Cron job times are always UTC, regardless of your local time zone! This was unavoidable since brooce instances could be running on multiple servers in different time zones.

You can see any pending cron jobs on the Cron Jobs page in the web interface.

Timeouts and Locking in a Cron Job

Timeouts and locking are available to cron jobs. Here is an example that uses both:

redis-cli SET "brooce:cron:jobs:daily-biller" "0 0 * * * queue:common timeout:600 locks:server:5,server:8 ~/bin/bill-all-accounts.sh"

In this case, we want ~/bin/bill-all-accounts.sh to run daily, finish in under 10 minutes, and hold locks on server:5 and server:8.

Don't Schedule Cron Job If It's Already Running

Let's say you want to run a job once per minute, but not schedule another one if the last one is still running. This is different than a lock, which would cause additional jobs to be delayed and pile up. There is a skipifrunning option that will do this.

# Clear cache once per minute, but don't schedule if the last one is still running
redis-cli SET "brooce:cron:jobs:clear-cache" "* * * * * queue:common skipifrunning:true ~/bin/clear-cache.sh"

Fancy Cron Jobs

Most of the standard cron features are implemented. Here are some examples.

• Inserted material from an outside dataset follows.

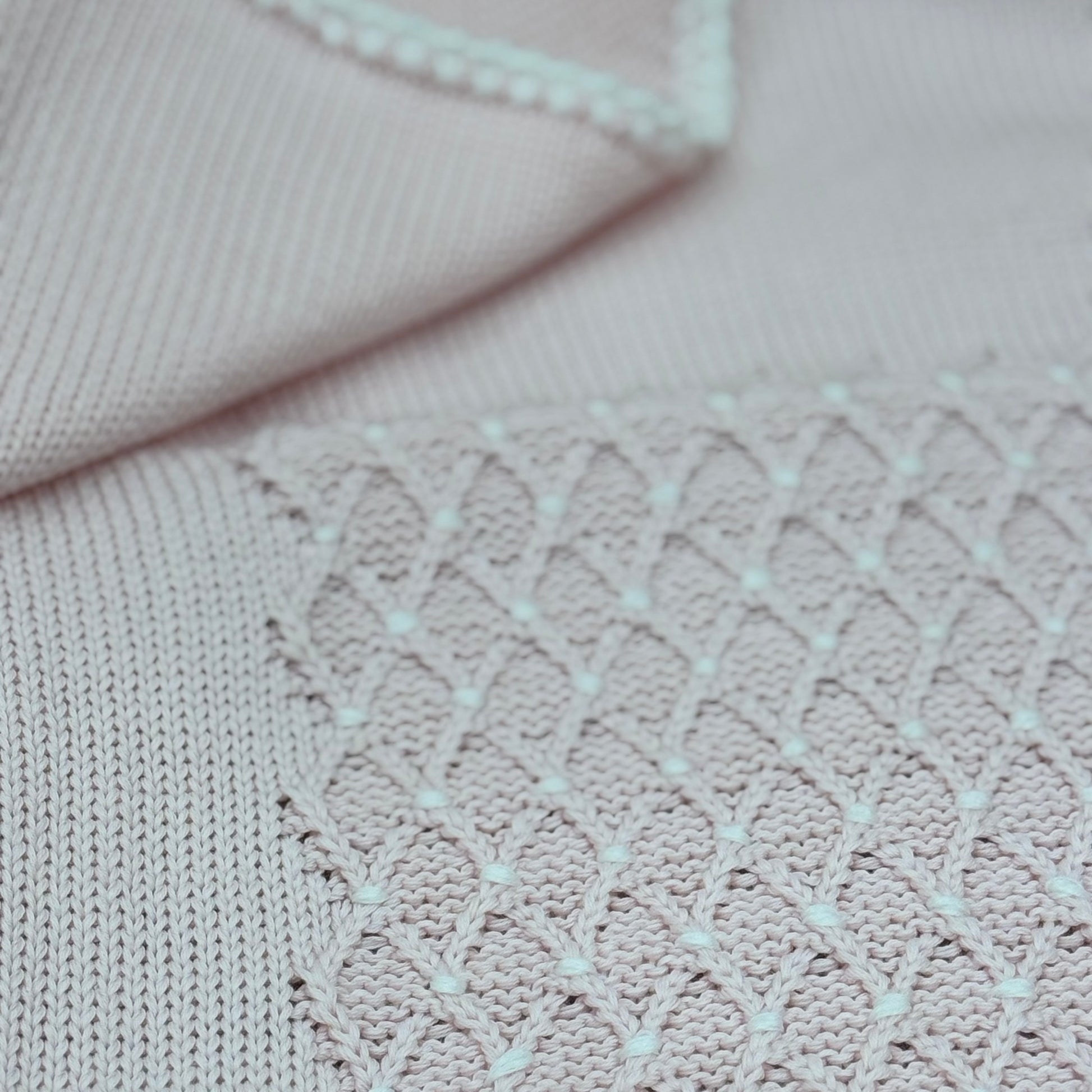Questa copertina rosa e bianca in morbido cotone è perfetta per la tua neonata. Con il suo delicato ricamo a nido d'ape, la coperta offre un'adorabile accoglienza alla tua piccola, mantenendola calda e protetta. Realizzata con filo di cotone di alta qualità, è ideale per coccolare il tuo prezioso tesoro.

# Bill accounts twice a day
redis-cli SET "brooce:cron:jobs:daily-biller" "0 */12 * * * queue:common ~/bin/bill-all-accounts.sh"

# Rotate logs 4 times an hour, but only during the night
redis-cli SET "brooce:cron:jobs:log-rotate" "0,15,30,45 0-8 * * * queue:common ~/bin/rotate-logs.sh"

# I have no idea why you'd want to do this
redis-cli SET "brooce:cron:jobs:log-rotate" "0-15,45-59 */3,*/4 * * * queue:common ~/bin/delete-customer-data.sh"

Storing Cron Jobs in your Git Repo

We store cron jobs in redis rather than a config file because multiple brooce instances might be running on separate machines. If there was a cron.conf file, there is a risk that different versions of it might end up on the different machines.

However, nothing prevents you from creating a shell script called cron.sh that clears out and resets your cron jobs. You can then commit that script to your Git repo, and run it as part of your deploy process. It might look like this:

#!/bin/bash
redis-cli KEYS "brooce:cron:jobs:*" | xargs redis-cli DEL
redis-cli SET "brooce:cron:jobs:daily-biller" "0 0 * * * queue:common ~/bin/bill-all-accounts.sh"
redis-cli SET "brooce:cron:jobs:hourly-log-rotater" "0 * * * * queue:common ~/bin/rotate-logs.sh"
redis-cli SET "brooce:cron:jobs:twice-daily-error-checker" "0 */12 * * * queue:common ~/bin/check-for-errors.sh"

Hacking on brooce

For most users, it should be enough to download our binaries. If you want to hack on the project, you should install Go and the Gb build tool. Then check out the repo into its own folder, and use gb to build it.